What the task requires: Write out every entry exactly as given, but omit the pictures.

Record extracts:
Segment Open

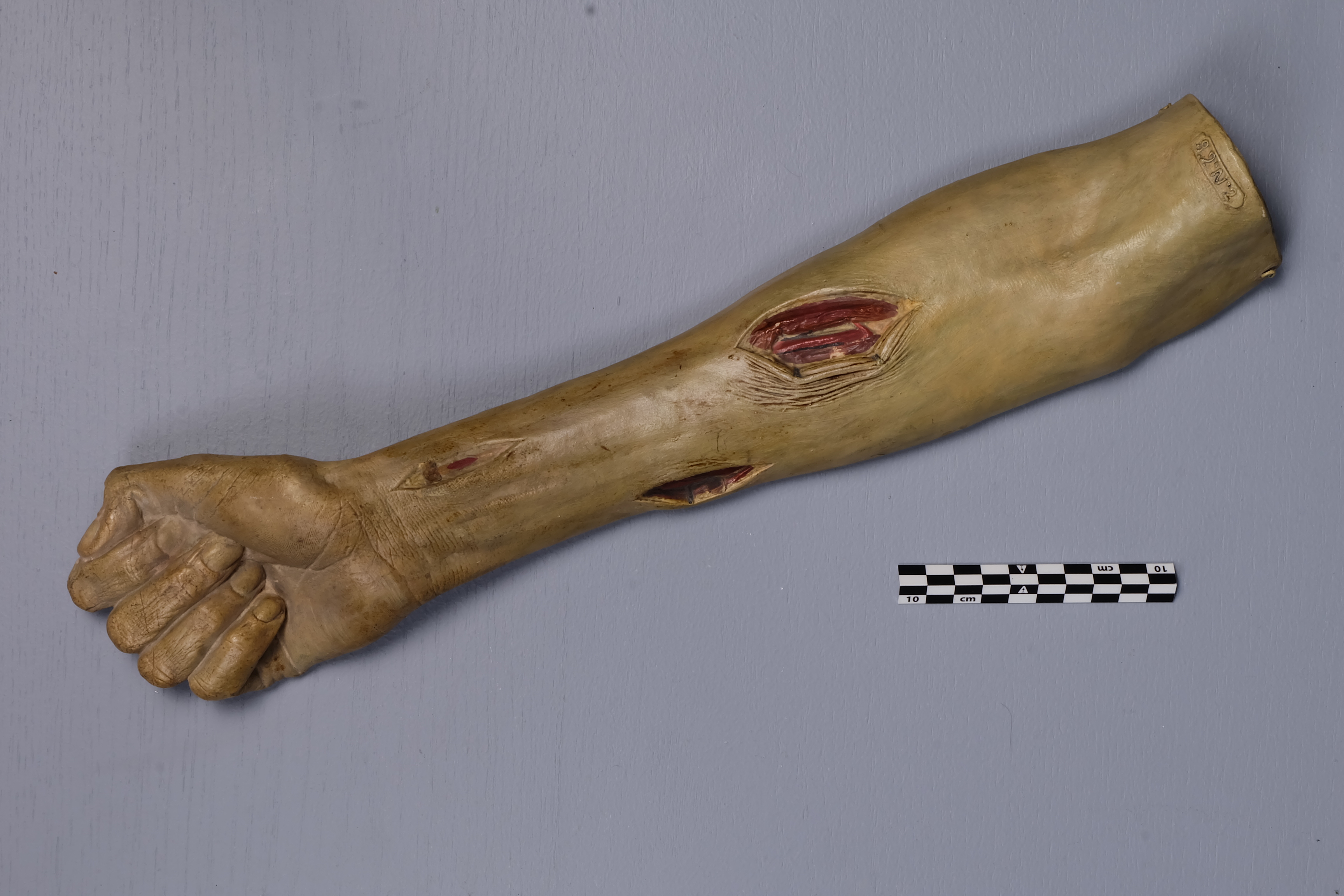 Molde en barro de cara ventral de antebrazo y mano derechos con tres incisiones anatomo-quirúrgicas, dos a nivel radial y una cubital. No etiquetada, aunque posee una inscripción en relieve en la cara externa con la numeración (ilegible en parte, S n.º 2) y un sello en el interior en el que consta la procedencia (Valdemorillo), lugar de fabricación (Falcó y Cía) y autor (Losada)
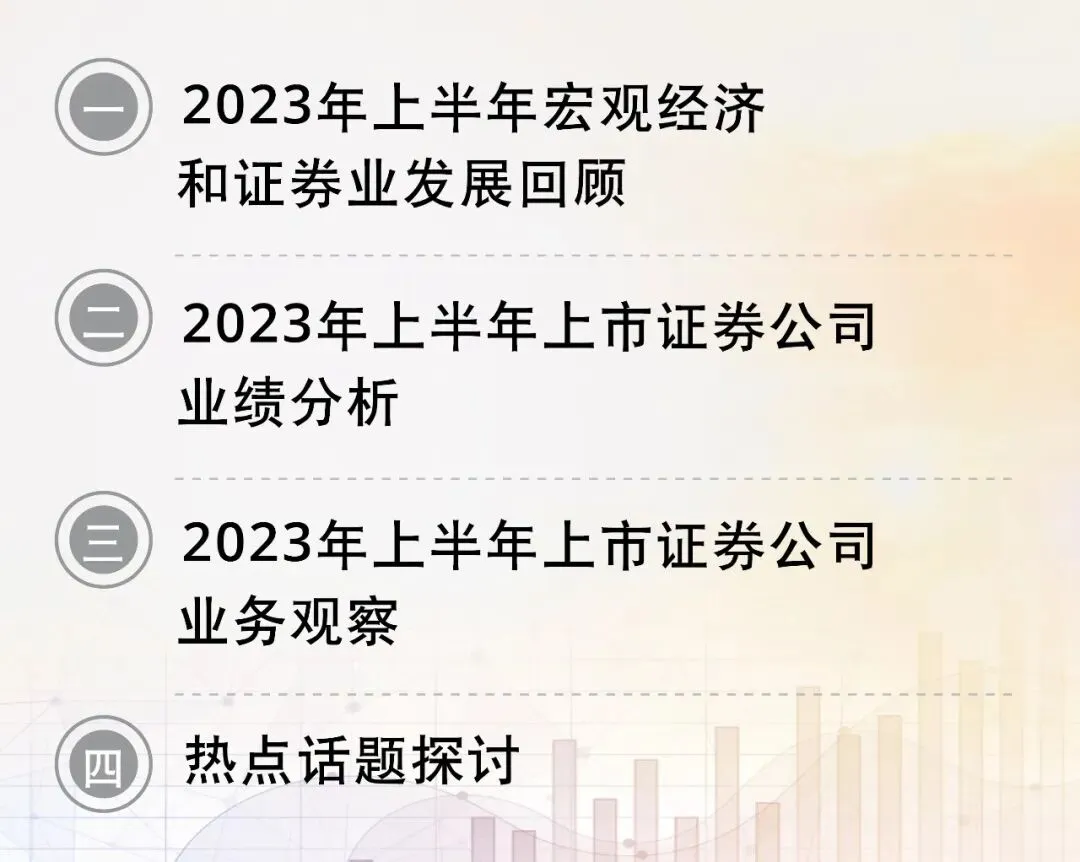 报告主要以国内具有代表性的14家A+H股上市证券公司为样本,通过系统分析中国上市证券公司的盈利能力及业务收入、资产情况、负债情况、母公司资本情况及风险控制指标,梳理并观察其业务发展情况、经营模式创新、经营战略变化及科技赋能,进而展现中国证券业在2023年上半年取得的成就,并展望未来发展的方向。
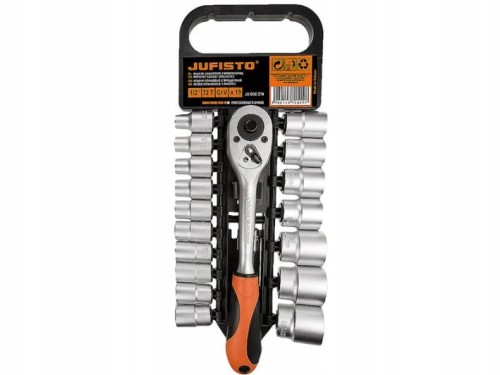 Składa się z 19 elementów umieszczonych na praktycznym wieszaku z tworzywa sztucznego. Uzupełnieniem zestawu jest grzechotka 1/2" z trwałym mechanizmem zapadkowym o 72 zębach, wyposażona w ergonomiczny, profilowany uchwyt, zapewniający komfort pracy.
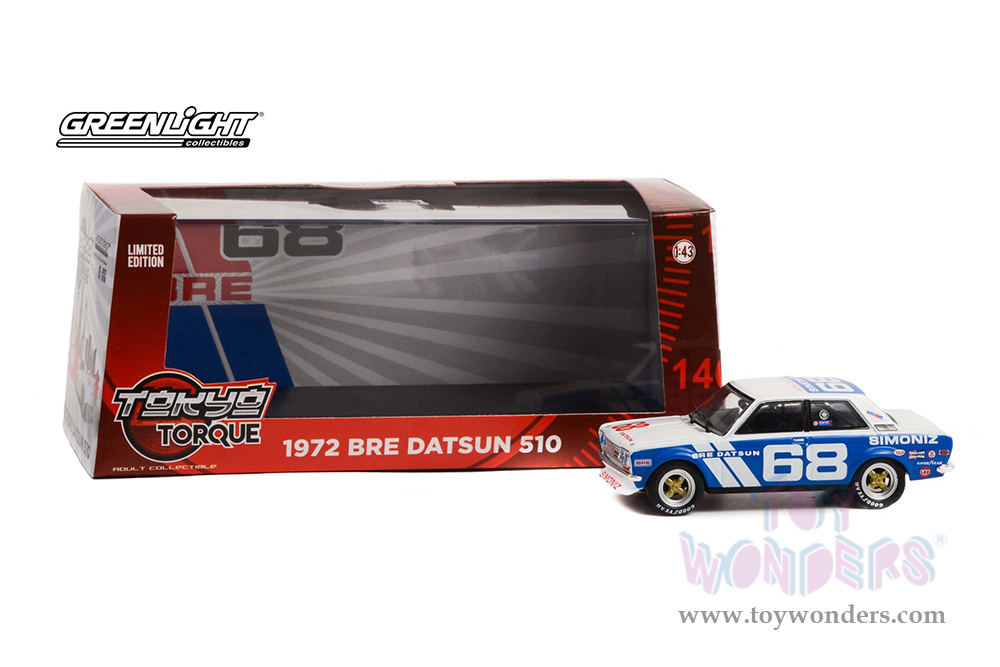 Greenlight - Tokyo Torque BRE (Brock Racing Enterprises) #68 Datsun 510 Guest Car - Peter Gregg (1972, 1/43 scale diecast model car, Blue/White) 86346
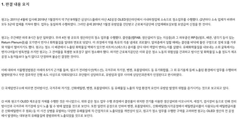 서울행정법원은 지난 11월 26일(2021구단79899) “원고가 OLED 생산라인 클린룸과 하부 RP층을 오가며 수행한 청소 업무 특성상 전리방사선, 극저주파 자기장, 벤젠, 포름알데히드, 산화에틸렌 등 유해물질에 상시 노출될 수밖에 없었다”며 “유방암 발병과 업무 사이에 상당인과관계가 인정된다”고 판단했다.
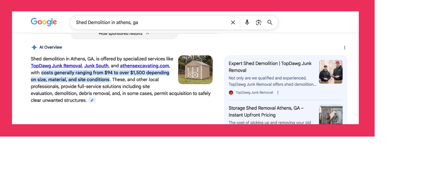Top Dawg Junk Removal appears in the AI Overview for “shed demolition athens ga.” Google recommends them and links directly to their shed demolition page, specifically highlighting their expertise. This happened because their website content clearly explains what they do, how they do it, and why they are qualified.
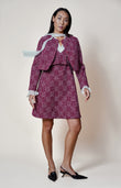 Offered in rich burgundy and deep navy tweed, this piece is designed for effortless coordination—whether styled with its matching sleeveless dress for a statement ensemble or paired with tailored trousers for modern sophistication. Each jacket is a testament to craftsmanship, lending a touch of couture polish to any wardrobe.
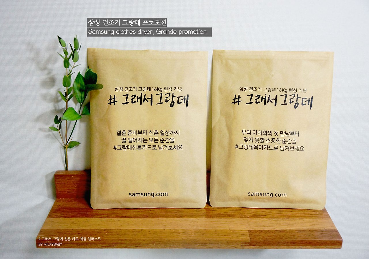 #삼성 건조기 그랑데 16Kg 출시 기념 프로모션 상품으로 밀키베이비 육아 성장카드 & 신혼 성장카드를 작업했어요. 예쁜 크래프트 봉투에 담겨 신청하신 분들께 배송되었는데, 다들 받으셨나요^^?
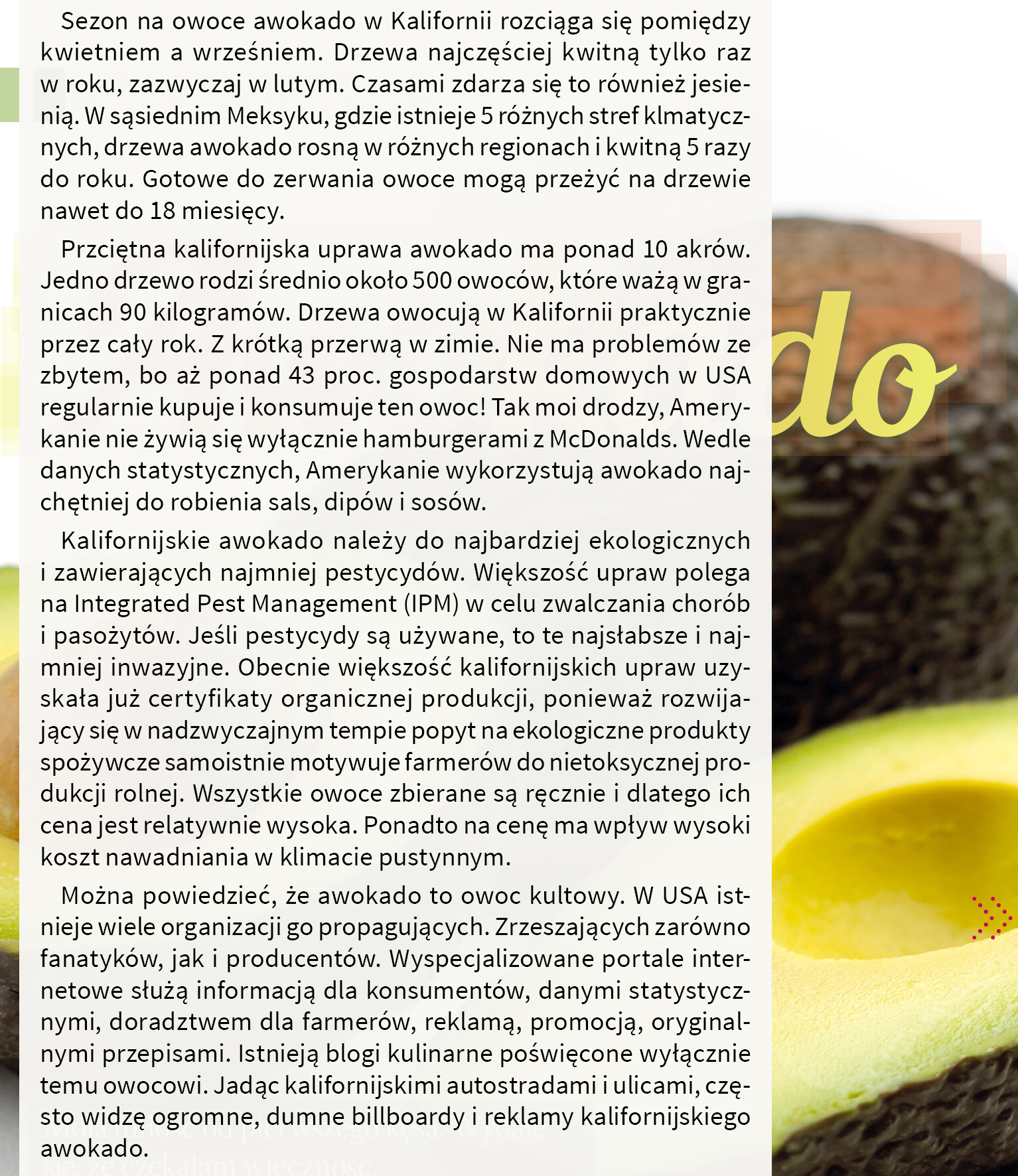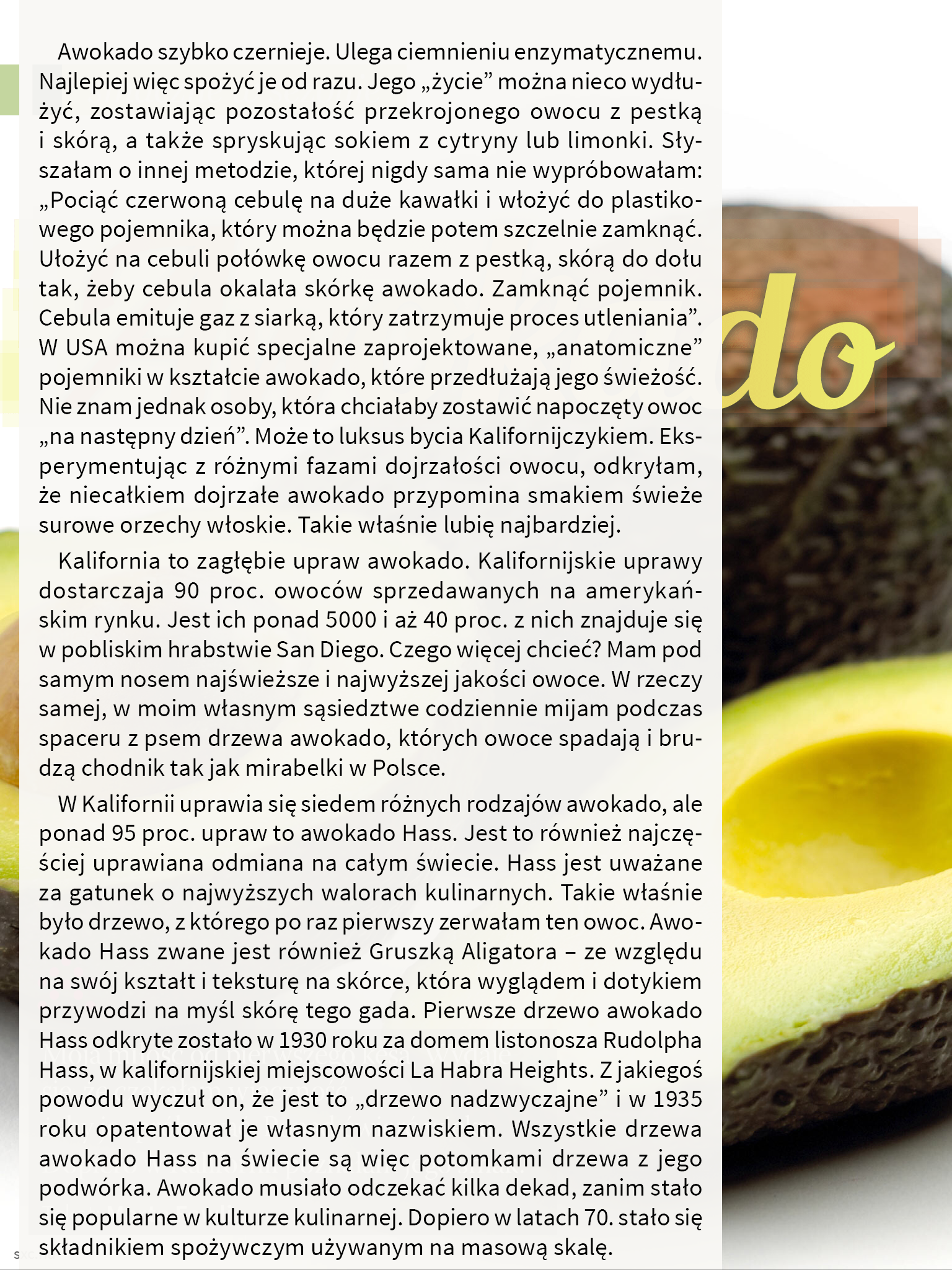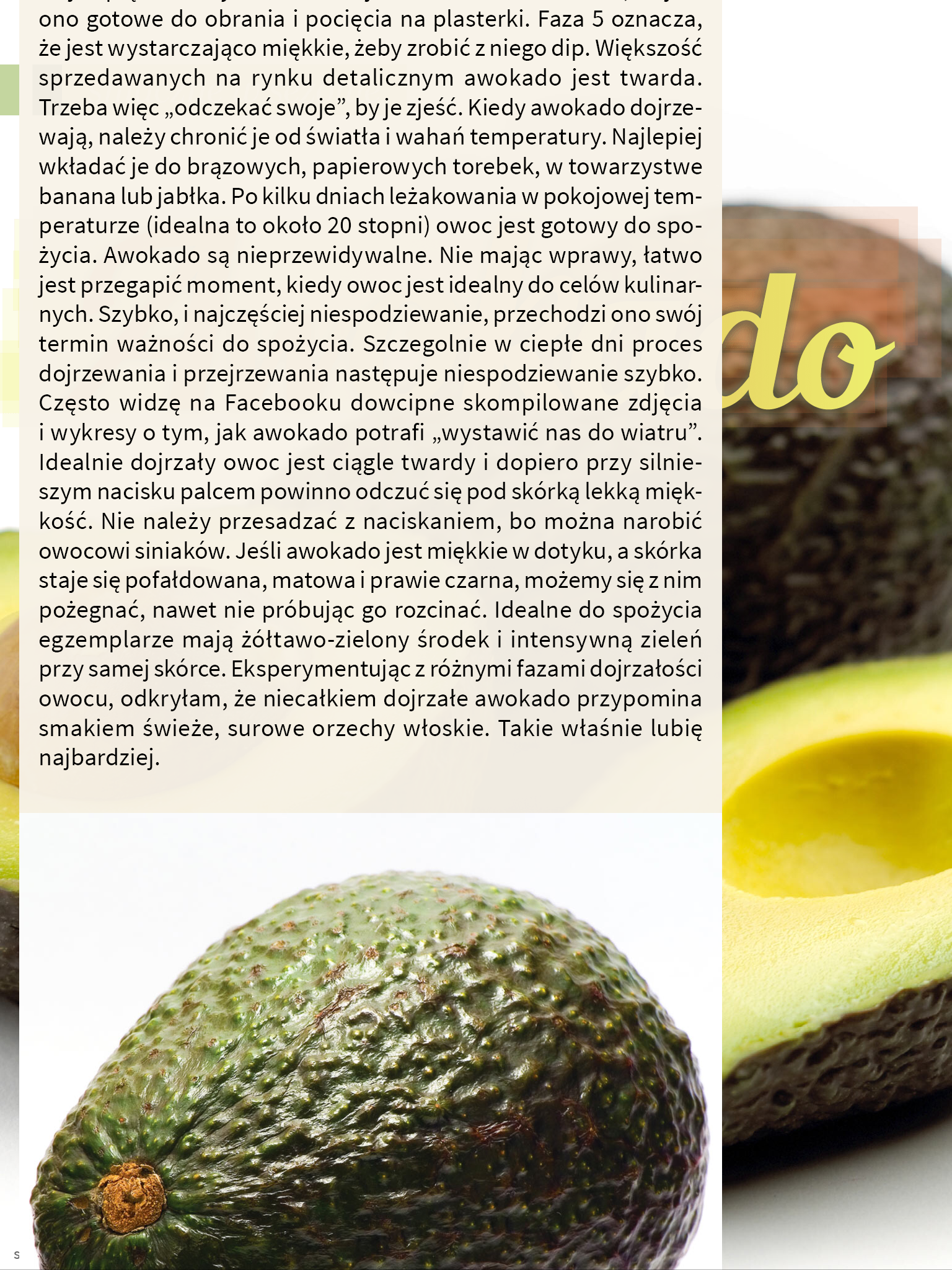 Dla wrześniowego numeru Magazynu SMAQ (wrzesień 2014) przygotowałam felieton o awokado oraz serię autorskich przepisów z użyciem tego owocu. Dziś na łamach mojego blogu reedytuję felieton.
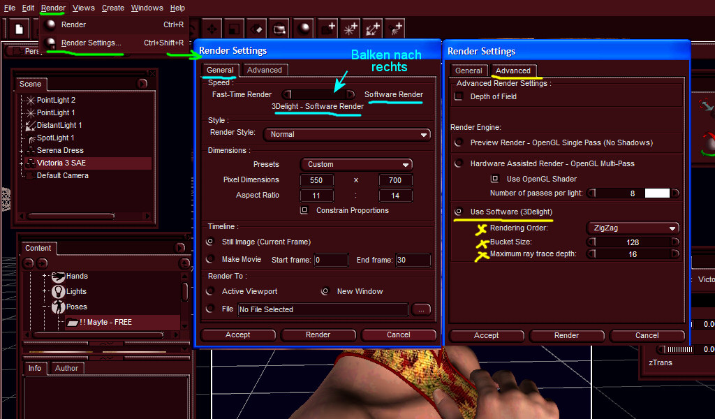 Statt mit Poser habe ich die Lady komplett mit DAZ-Studio erstellt und gerendert. Gegenüber Poser 4 gibt es im DAZ-Studio bei den vorgefertigten Posen usw. ein paar wenige Sachen die minimal abweichen. Aber ist weiter kein Problem das nachzubessern. Bei der Beleuchtung habe ich noch nicht den richtigen Dreh raus....
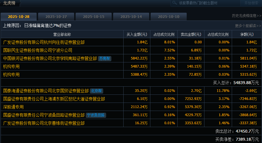 10月28日,發(fā)布的前五大買賣數(shù)據(jù)中,深股通專用席位買入2112.24萬元并賣出5379.30萬元。其中,2家機(jī)構(gòu)專用席位凈買入1.07億元。此外,買一、買二、買三分別為廣發(fā)證券有限公司杭州向往街證券營業(yè)部、國聯(lián)民生證券有限公司寧波分公司、中國銀河證券有限公司北京學(xué)院南路證券營業(yè)部。凈買入合計(jì)達(dá)7389.18萬元。
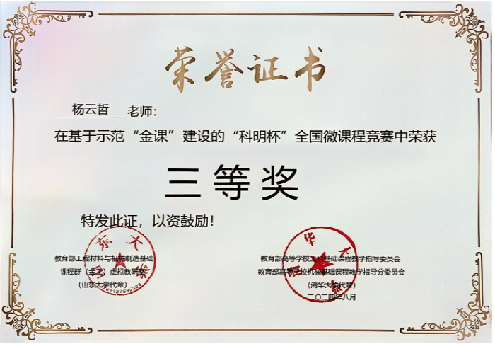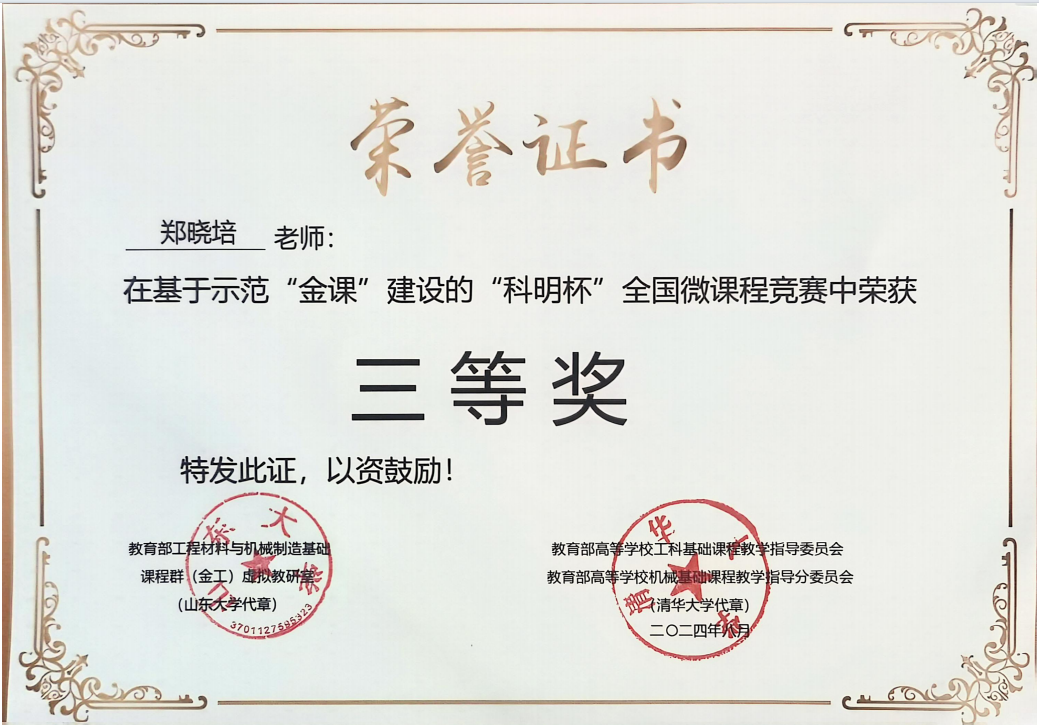 2024年8月30日,基于示范“金课 ”建设的全国微课程竞赛获奖名单正式 公布,我校工程训练中心郑晓培、杨云哲两位老师分别荣获 2024 年全国基于示 范“金课 ”建设的全国微课程竞赛国赛三等奖。

Segment Closed

Written response:
 Molde en barro de cara ventral de antebrazo y mano derechos con tres incisiones anatomo-quirúrgicas, dos a nivel radial y una cubital. No etiquetada, aunque posee una inscripción en relieve en la cara externa con la numeración (ilegible en parte, S n.º 2) y un sello en el interior en el que consta la procedencia (Valdemorillo), lugar de fabricación (Falcó y Cía) y autor (Losada)
 报告主要以国内具有代表性的14家A+H股上市证券公司为样本,通过系统分析中国上市证券公司的盈利能力及业务收入、资产情况、负债情况、母公司资本情况及风险控制指标,梳理并观察其业务发展情况、经营模式创新、经营战略变化及科技赋能,进而展现中国证券业在2023年上半年取得的成就,并展望未来发展的方向。
 Składa się z 19 elementów umieszczonych na praktycznym wieszaku z tworzywa sztucznego. Uzupełnieniem zestawu jest grzechotka 1/2" z trwałym mechanizmem zapadkowym o 72 zębach, wyposażona w ergonomiczny, profilowany uchwyt, zapewniający komfort pracy.
 Greenlight - Tokyo Torque BRE (Brock Racing Enterprises) #68 Datsun 510 Guest Car - Peter Gregg (1972, 1/43 scale diecast model car, Blue/White) 86346
 서울행정법원은 지난 11월 26일(2021구단79899) “원고가 OLED 생산라인 클린룸과 하부 RP층을 오가며 수행한 청소 업무 특성상 전리방사선, 극저주파 자기장, 벤젠, 포름알데히드, 산화에틸렌 등 유해물질에 상시 노출될 수밖에 없었다”며 “유방암 발병과 업무 사이에 상당인과관계가 인정된다”고 판단했다.
Top Dawg Junk Removal appears in the AI Overview for “shed demolition athens ga.” Google recommends them and links directly to their shed demolition page, specifically highlighting their expertise. This happened because their website content clearly explains what they do, how they do it, and why they are qualified.
 Offered in rich burgundy and deep navy tweed, this piece is designed for effortless coordination—whether styled with its matching sleeveless dress for a statement ensemble or paired with tailored trousers for modern sophistication. Each jacket is a testament to craftsmanship, lending a touch of couture polish to any wardrobe.
 #삼성 건조기 그랑데 16Kg 출시 기념 프로모션 상품으로 밀키베이비 육아 성장카드 & 신혼 성장카드를 작업했어요. 예쁜 크래프트 봉투에 담겨 신청하신 분들께 배송되었는데, 다들 받으셨나요^^?
 Dla wrześniowego numeru Magazynu SMAQ (wrzesień 2014) przygotowałam felieton o awokado oraz serię autorskich przepisów z użyciem tego owocu. Dziś na łamach mojego blogu reedytuję felieton.
 Statt mit Poser habe ich die Lady komplett mit DAZ-Studio erstellt und gerendert. Gegenüber Poser 4 gibt es im DAZ-Studio bei den vorgefertigten Posen usw. ein paar wenige Sachen die minimal abweichen. Aber ist weiter kein Problem das nachzubessern. Bei der Beleuchtung habe ich noch nicht den richtigen Dreh raus....
 10月28日,發(fā)布的前五大買賣數(shù)據(jù)中,深股通專用席位買入2112.24萬元并賣出5379.30萬元。其中,2家機(jī)構(gòu)專用席位凈買入1.07億元。此外,買一、買二、買三分別為廣發(fā)證券有限公司杭州向往街證券營業(yè)部、國聯(lián)民生證券有限公司寧波分公司、中國銀河證券有限公司北京學(xué)院南路證券營業(yè)部。凈買入合計(jì)達(dá)7389.18萬元。
 2024年8月30日,基于示范“金课 ”建设的全国微课程竞赛获奖名单正式 公布,我校工程训练中心郑晓培、杨云哲两位老师分别荣获 2024 年全国基于示 范“金课 ”建设的全国微课程竞赛国赛三等奖。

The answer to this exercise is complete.